§ **EXERCISE DESCRIPTION**
Reproduce the data below word for word, setting aside any picture it holds.

§ **SOURCE MATERIAL**
○ ○ ○ ○

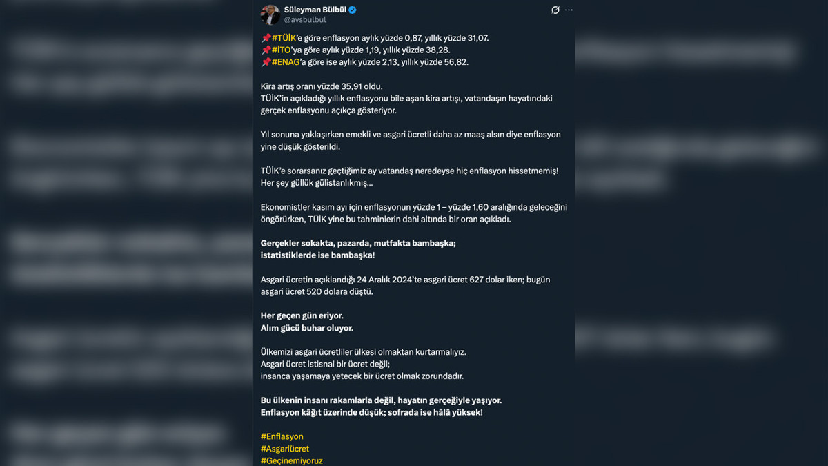"Gerçekler sokakta, pazarda, mutfakta bambaşka; istatistiklerde ise bambaşka!" diyerek sözlerini sürdüren Bülbül, "Asgari ücretin açıklandığı 24 Aralık 2024’te asgari ücret 627 dolar iken; bugün asgari ücret 520 dolara düştü. Her geçen gün eriyor. Alım gücü buhar oluyor. Ülkemizi asgari ücretliler ülkesi olmaktan kurtarmalıyız. Asgari ücret istisnai bir ücret değil; insanca yaşamaya yetecek bir ücret olmak zorundadır. Bu ülkenin insanı rakamlarla değil, hayatın gerçeğiyle yaşıyor. Enflasyon kâğıt üzerinde düşük; sofrada ise hâlâ yüksek!" ifadelerine yer verdi.
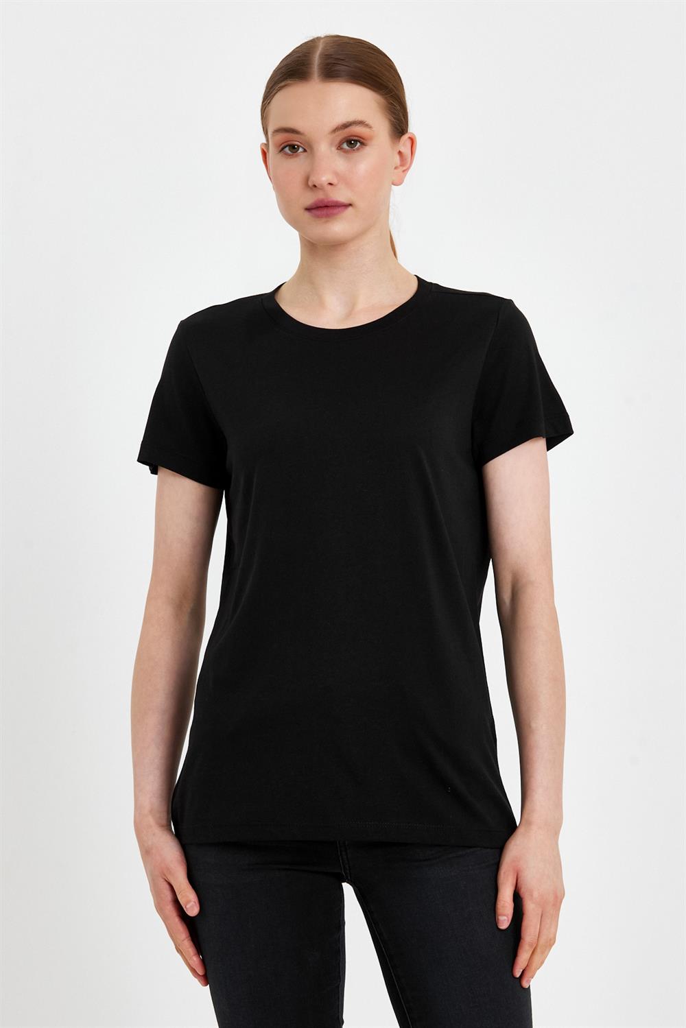 Kadın Boyfriend Bisiklet Yaka Regular Fit Modal Tişört (TENCEL)™ - Siyah
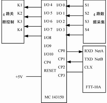 Neuron芯片我们选用MC143150,LonWorks收发器选用FTT-10A,LonWorks通信介质选用双绞线。利用MC143150的通讯口(CP0——CP4)和FTT-10A相连完成与LonWorks网络的通信,利用MC143150的I/O口(I/O0——I/O10)与远传表和关断开关相连,完成数据采集和关断控制。图3为节点的硬件接口框图。
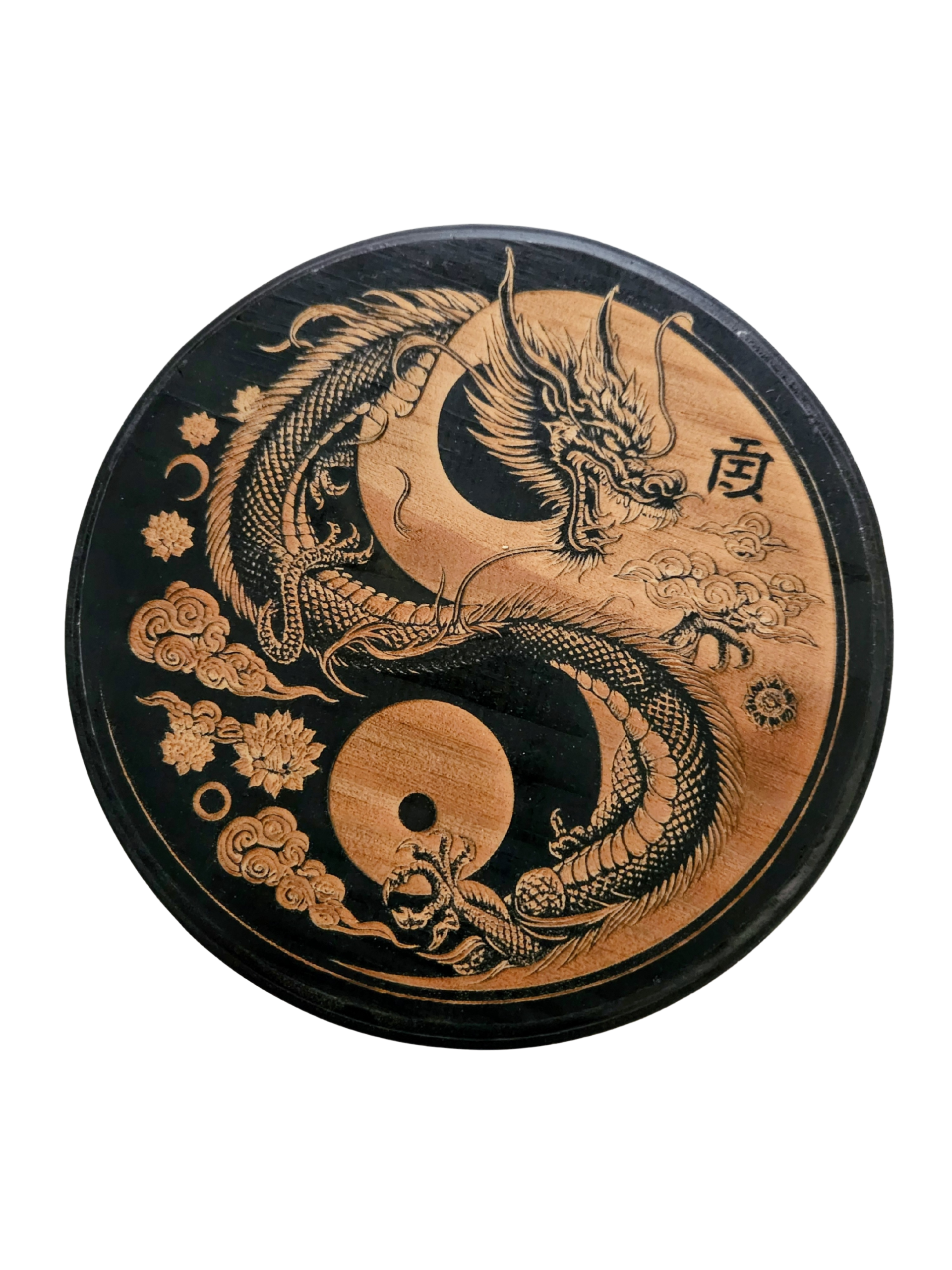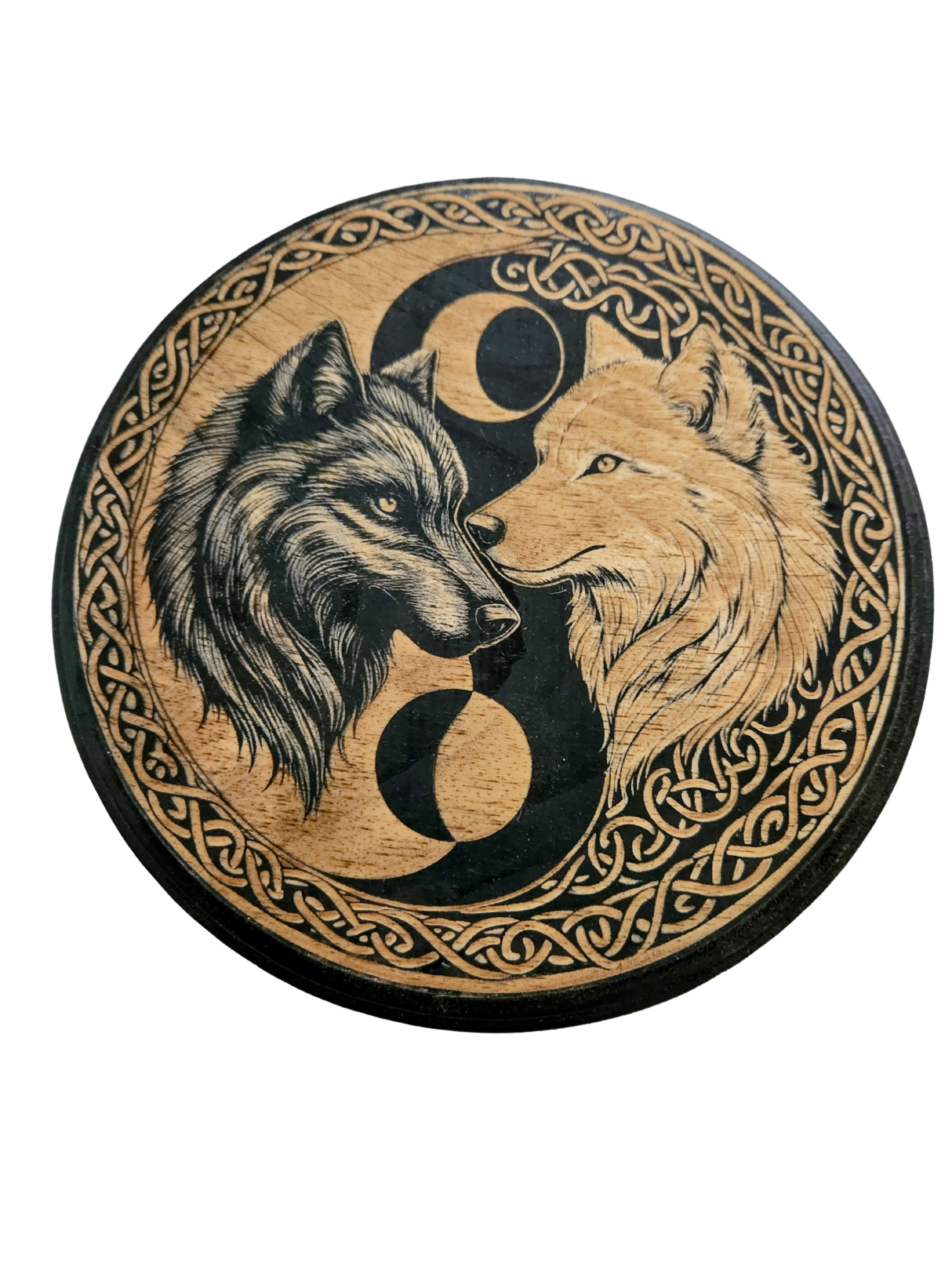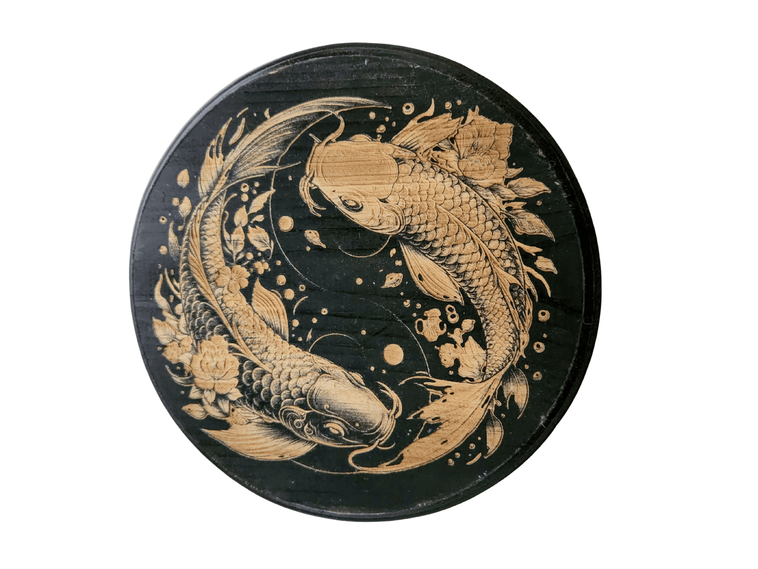 8” round wooden engraving with black painted background, sealed with a gloss finish

○ ○ ○ ○

§ **EXPECTED OUTPUT**
"Gerçekler sokakta, pazarda, mutfakta bambaşka; istatistiklerde ise bambaşka!" diyerek sözlerini sürdüren Bülbül, "Asgari ücretin açıklandığı 24 Aralık 2024’te asgari ücret 627 dolar iken; bugün asgari ücret 520 dolara düştü. Her geçen gün eriyor. Alım gücü buhar oluyor. Ülkemizi asgari ücretliler ülkesi olmaktan kurtarmalıyız. Asgari ücret istisnai bir ücret değil; insanca yaşamaya yetecek bir ücret olmak zorundadır. Bu ülkenin insanı rakamlarla değil, hayatın gerçeğiyle yaşıyor. Enflasyon kâğıt üzerinde düşük; sofrada ise hâlâ yüksek!" ifadelerine yer verdi.
 Kadın Boyfriend Bisiklet Yaka Regular Fit Modal Tişört (TENCEL)™ - Siyah
 Neuron芯片我们选用MC143150,LonWorks收发器选用FTT-10A,LonWorks通信介质选用双绞线。利用MC143150的通讯口(CP0——CP4)和FTT-10A相连完成与LonWorks网络的通信,利用MC143150的I/O口(I/O0——I/O10)与远传表和关断开关相连,完成数据采集和关断控制。图3为节点的硬件接口框图。
 8” round wooden engraving with black painted background, sealed with a gloss finish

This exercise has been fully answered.